▶ **Problem requirements**
Nothing outside the range is wanted. Repeat exactly the lines below from the one with "BÜFE KALDIRILDIMERTER metro" through the one with "チリのSan Felipeから北北東65kmの地点 |".

▶ **Data for processing**
──────────

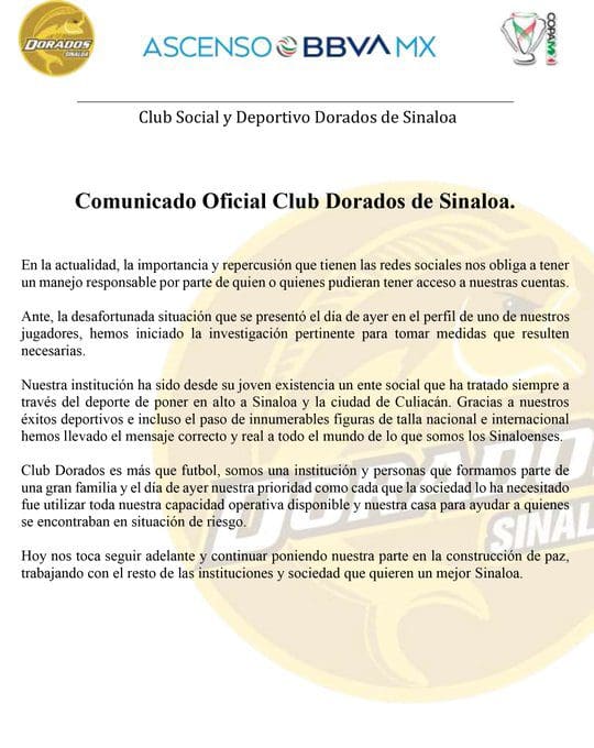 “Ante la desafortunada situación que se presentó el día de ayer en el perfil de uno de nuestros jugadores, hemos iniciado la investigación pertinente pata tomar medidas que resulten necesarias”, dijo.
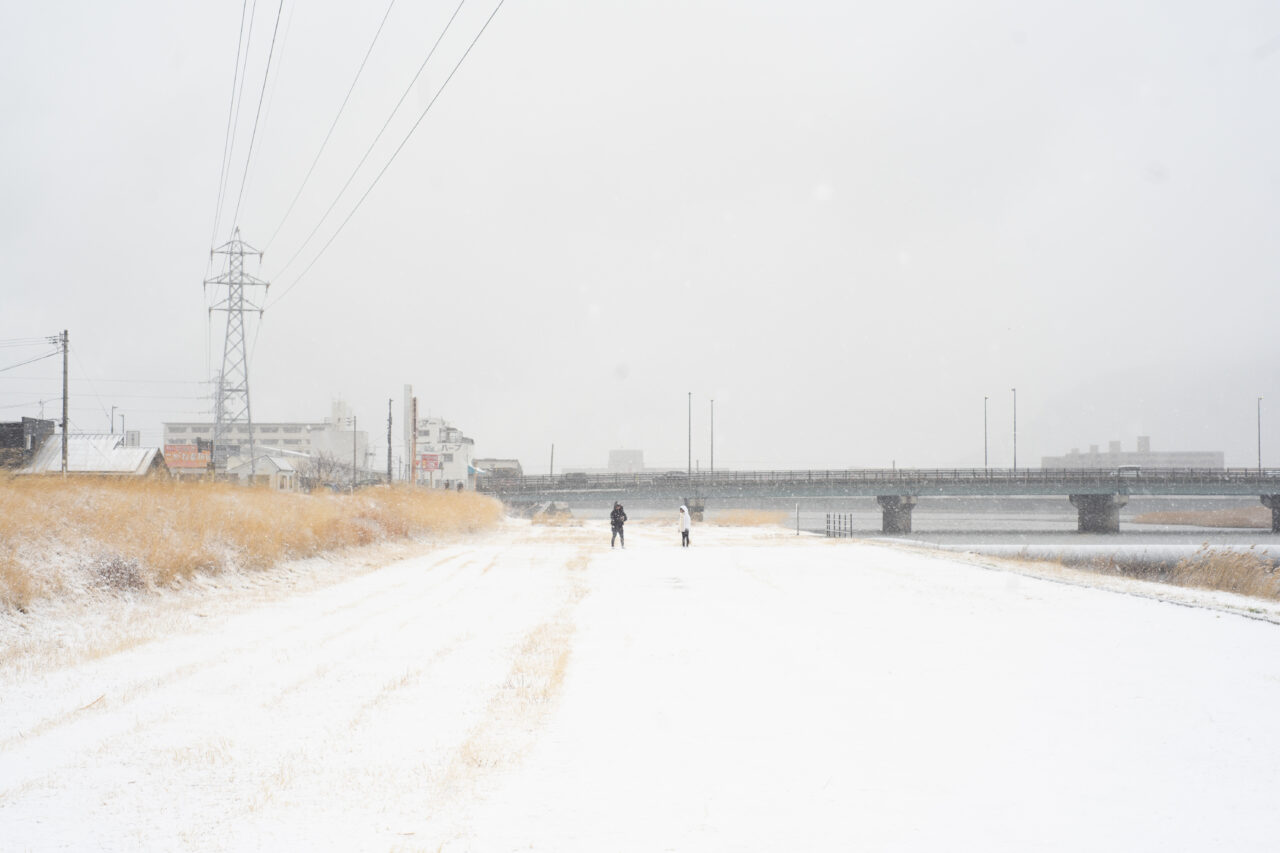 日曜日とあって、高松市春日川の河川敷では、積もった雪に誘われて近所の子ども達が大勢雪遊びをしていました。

──────────

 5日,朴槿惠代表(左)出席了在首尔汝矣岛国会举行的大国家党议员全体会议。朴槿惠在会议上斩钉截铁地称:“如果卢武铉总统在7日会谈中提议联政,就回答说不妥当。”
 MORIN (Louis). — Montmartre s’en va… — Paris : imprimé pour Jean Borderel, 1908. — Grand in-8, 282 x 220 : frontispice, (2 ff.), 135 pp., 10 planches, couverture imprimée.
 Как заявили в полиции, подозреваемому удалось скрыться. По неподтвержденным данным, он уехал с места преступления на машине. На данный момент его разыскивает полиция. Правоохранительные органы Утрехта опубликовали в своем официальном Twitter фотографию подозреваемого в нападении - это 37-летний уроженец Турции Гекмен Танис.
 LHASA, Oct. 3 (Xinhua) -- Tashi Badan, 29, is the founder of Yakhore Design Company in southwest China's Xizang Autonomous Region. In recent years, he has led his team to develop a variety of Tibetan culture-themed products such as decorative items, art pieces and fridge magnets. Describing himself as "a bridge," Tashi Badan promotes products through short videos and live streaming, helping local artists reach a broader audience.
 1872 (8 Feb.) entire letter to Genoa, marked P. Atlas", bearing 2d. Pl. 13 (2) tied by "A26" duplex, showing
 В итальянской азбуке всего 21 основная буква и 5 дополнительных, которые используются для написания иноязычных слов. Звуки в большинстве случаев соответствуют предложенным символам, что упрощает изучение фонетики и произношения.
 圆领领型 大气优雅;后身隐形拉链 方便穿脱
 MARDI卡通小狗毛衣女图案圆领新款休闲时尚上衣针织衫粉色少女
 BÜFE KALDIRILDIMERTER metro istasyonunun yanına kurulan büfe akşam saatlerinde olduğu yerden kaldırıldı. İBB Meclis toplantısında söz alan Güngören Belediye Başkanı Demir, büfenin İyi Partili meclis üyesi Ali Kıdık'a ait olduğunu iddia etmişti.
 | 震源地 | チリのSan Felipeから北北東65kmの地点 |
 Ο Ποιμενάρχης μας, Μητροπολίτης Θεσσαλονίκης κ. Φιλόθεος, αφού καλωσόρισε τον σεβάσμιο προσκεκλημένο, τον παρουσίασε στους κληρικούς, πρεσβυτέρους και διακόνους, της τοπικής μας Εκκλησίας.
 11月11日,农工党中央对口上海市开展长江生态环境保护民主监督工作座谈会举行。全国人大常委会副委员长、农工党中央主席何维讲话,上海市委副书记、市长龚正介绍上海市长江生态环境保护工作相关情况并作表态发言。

──────────

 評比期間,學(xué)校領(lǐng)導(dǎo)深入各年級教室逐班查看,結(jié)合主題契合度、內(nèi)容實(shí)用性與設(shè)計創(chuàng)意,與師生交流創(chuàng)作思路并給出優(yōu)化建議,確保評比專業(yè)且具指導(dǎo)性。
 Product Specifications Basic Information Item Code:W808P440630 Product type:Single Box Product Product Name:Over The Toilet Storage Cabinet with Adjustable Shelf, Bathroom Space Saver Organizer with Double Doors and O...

──────────

▶ **Response to the exercise**
 BÜFE KALDIRILDIMERTER metro istasyonunun yanına kurulan büfe akşam saatlerinde olduğu yerden kaldırıldı. İBB Meclis toplantısında söz alan Güngören Belediye Başkanı Demir, büfenin İyi Partili meclis üyesi Ali Kıdık'a ait olduğunu iddia etmişti.
 | 震源地 | チリのSan Felipeから北北東65kmの地点 |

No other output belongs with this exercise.